═════ Records for processing ═════

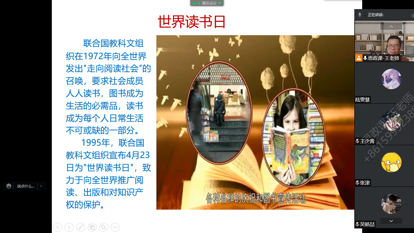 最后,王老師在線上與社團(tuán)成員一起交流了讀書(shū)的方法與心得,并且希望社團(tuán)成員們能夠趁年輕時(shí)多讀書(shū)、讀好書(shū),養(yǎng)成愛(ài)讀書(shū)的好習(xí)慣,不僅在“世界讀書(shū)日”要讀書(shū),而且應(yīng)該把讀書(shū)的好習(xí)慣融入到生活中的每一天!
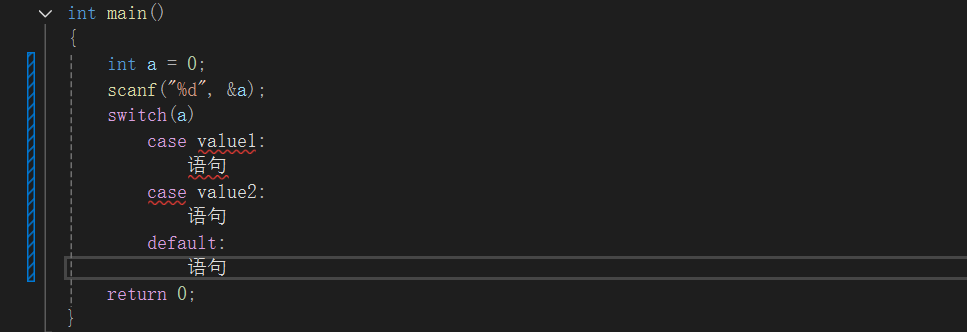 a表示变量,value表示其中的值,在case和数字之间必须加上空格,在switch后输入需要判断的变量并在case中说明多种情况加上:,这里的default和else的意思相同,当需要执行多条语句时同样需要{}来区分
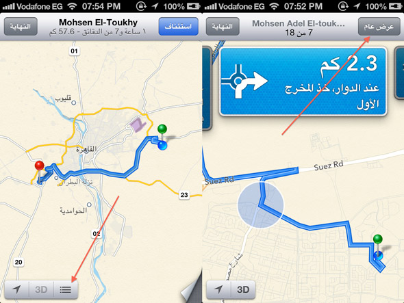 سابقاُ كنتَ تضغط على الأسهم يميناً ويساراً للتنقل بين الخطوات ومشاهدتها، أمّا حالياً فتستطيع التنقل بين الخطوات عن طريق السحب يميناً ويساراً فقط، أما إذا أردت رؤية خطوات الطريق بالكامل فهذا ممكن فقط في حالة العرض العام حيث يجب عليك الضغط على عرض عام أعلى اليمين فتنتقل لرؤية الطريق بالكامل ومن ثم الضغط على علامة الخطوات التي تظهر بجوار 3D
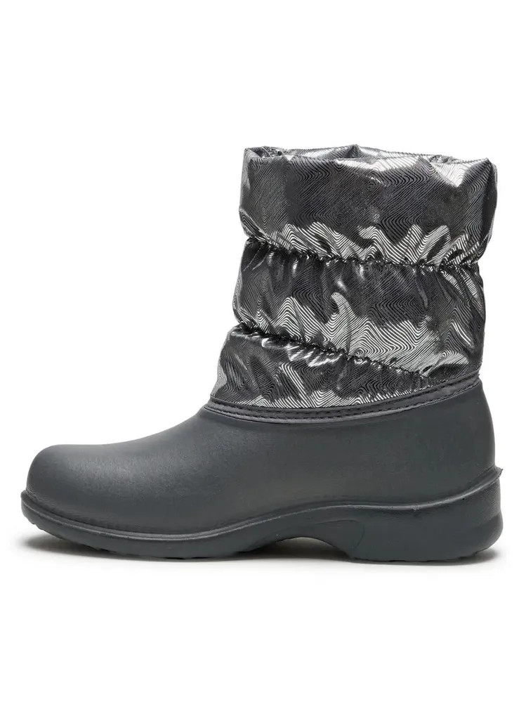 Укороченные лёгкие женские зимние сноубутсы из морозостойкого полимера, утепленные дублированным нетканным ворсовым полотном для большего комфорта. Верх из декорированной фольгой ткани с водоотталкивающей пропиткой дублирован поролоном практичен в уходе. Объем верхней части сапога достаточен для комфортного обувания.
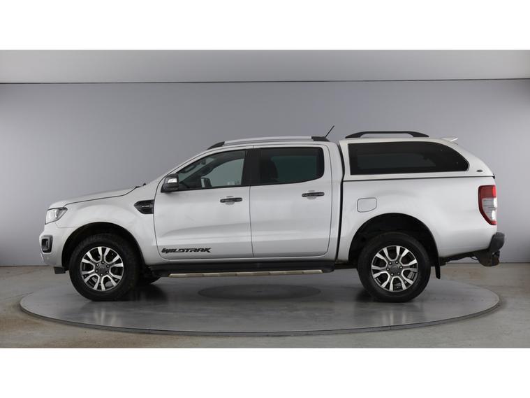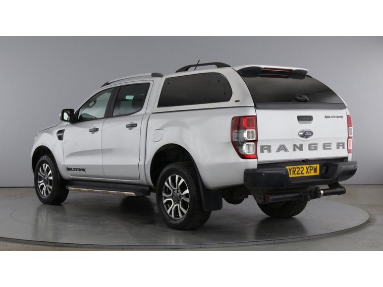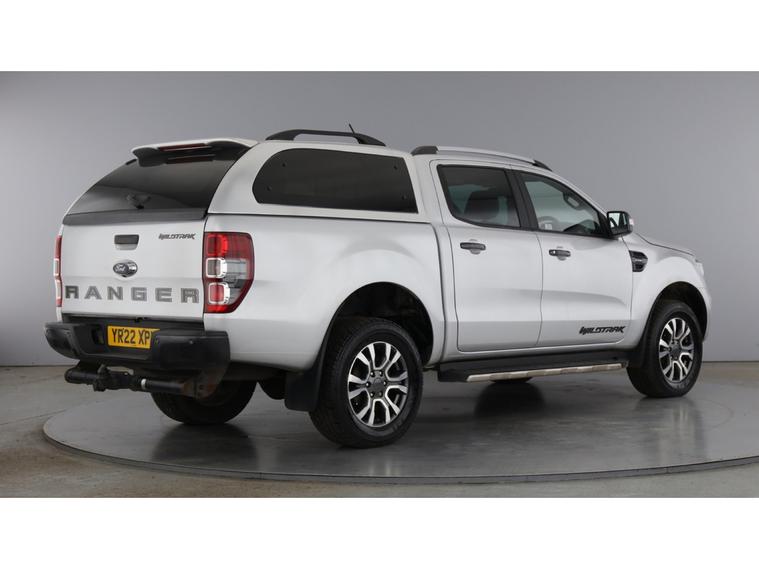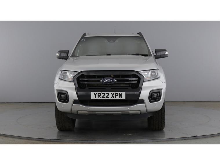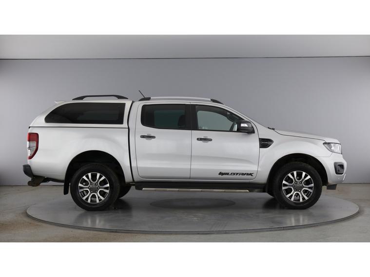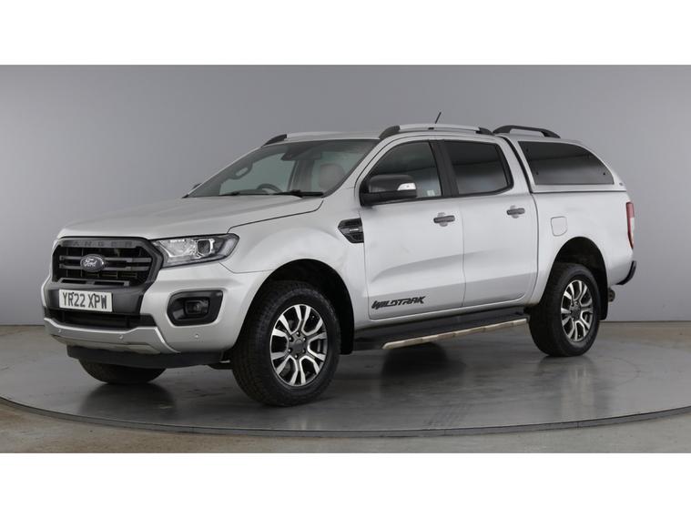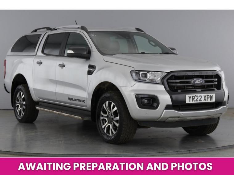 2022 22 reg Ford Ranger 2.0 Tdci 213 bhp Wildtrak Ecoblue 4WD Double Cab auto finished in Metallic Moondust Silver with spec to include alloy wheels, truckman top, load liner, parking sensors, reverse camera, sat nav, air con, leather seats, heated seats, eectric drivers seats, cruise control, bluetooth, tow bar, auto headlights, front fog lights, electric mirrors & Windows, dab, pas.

═════
═════ Records for processing ═════

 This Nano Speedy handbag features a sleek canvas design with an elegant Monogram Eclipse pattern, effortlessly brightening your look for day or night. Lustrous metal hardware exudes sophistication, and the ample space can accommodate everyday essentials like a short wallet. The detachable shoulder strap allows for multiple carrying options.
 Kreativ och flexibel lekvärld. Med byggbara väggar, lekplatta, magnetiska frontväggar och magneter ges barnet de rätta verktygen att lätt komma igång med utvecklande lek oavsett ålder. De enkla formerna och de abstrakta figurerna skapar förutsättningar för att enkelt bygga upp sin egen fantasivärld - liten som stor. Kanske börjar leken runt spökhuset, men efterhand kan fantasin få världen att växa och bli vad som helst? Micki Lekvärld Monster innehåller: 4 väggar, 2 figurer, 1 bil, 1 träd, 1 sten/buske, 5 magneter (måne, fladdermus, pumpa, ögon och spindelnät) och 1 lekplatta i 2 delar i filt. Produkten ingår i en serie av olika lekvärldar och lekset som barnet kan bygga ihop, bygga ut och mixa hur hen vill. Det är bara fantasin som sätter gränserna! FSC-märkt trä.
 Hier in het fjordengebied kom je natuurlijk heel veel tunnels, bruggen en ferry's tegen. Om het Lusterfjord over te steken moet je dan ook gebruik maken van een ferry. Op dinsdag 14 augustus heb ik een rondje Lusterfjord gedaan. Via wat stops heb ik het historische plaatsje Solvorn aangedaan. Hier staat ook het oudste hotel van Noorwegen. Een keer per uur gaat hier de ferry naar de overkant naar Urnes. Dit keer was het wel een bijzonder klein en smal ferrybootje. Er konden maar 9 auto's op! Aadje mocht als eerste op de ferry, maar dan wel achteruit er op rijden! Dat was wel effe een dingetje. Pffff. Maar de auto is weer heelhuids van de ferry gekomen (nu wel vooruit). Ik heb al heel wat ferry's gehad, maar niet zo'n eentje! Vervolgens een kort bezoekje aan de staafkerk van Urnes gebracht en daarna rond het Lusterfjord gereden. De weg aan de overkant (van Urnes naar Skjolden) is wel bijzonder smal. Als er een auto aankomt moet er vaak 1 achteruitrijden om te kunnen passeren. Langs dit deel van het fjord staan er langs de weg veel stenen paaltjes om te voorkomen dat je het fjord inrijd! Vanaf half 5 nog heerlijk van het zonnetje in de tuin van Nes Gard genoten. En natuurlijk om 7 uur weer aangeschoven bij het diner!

═════

Requirement: Copy only what lies between the line with "最后,王老師在線上與社團(t" and the line with "سابقاُ كنتَ تضغط", those two lines included, exactly as given above; pictures stay out.

Solution to this problem:
 最后,王老師在線上與社團(tuán)成員一起交流了讀書(shū)的方法與心得,并且希望社團(tuán)成員們能夠趁年輕時(shí)多讀書(shū)、讀好書(shū),養(yǎng)成愛(ài)讀書(shū)的好習(xí)慣,不僅在“世界讀書(shū)日”要讀書(shū),而且應(yīng)該把讀書(shū)的好習(xí)慣融入到生活中的每一天!
 a表示变量,value表示其中的值,在case和数字之间必须加上空格,在switch后输入需要判断的变量并在case中说明多种情况加上:,这里的default和else的意思相同,当需要执行多条语句时同样需要{}来区分
 سابقاُ كنتَ تضغط على الأسهم يميناً ويساراً للتنقل بين الخطوات ومشاهدتها، أمّا حالياً فتستطيع التنقل بين الخطوات عن طريق السحب يميناً ويساراً فقط، أما إذا أردت رؤية خطوات الطريق بالكامل فهذا ممكن فقط في حالة العرض العام حيث يجب عليك الضغط على عرض عام أعلى اليمين فتنتقل لرؤية الطريق بالكامل ومن ثم الضغط على علامة الخطوات التي تظهر بجوار 3D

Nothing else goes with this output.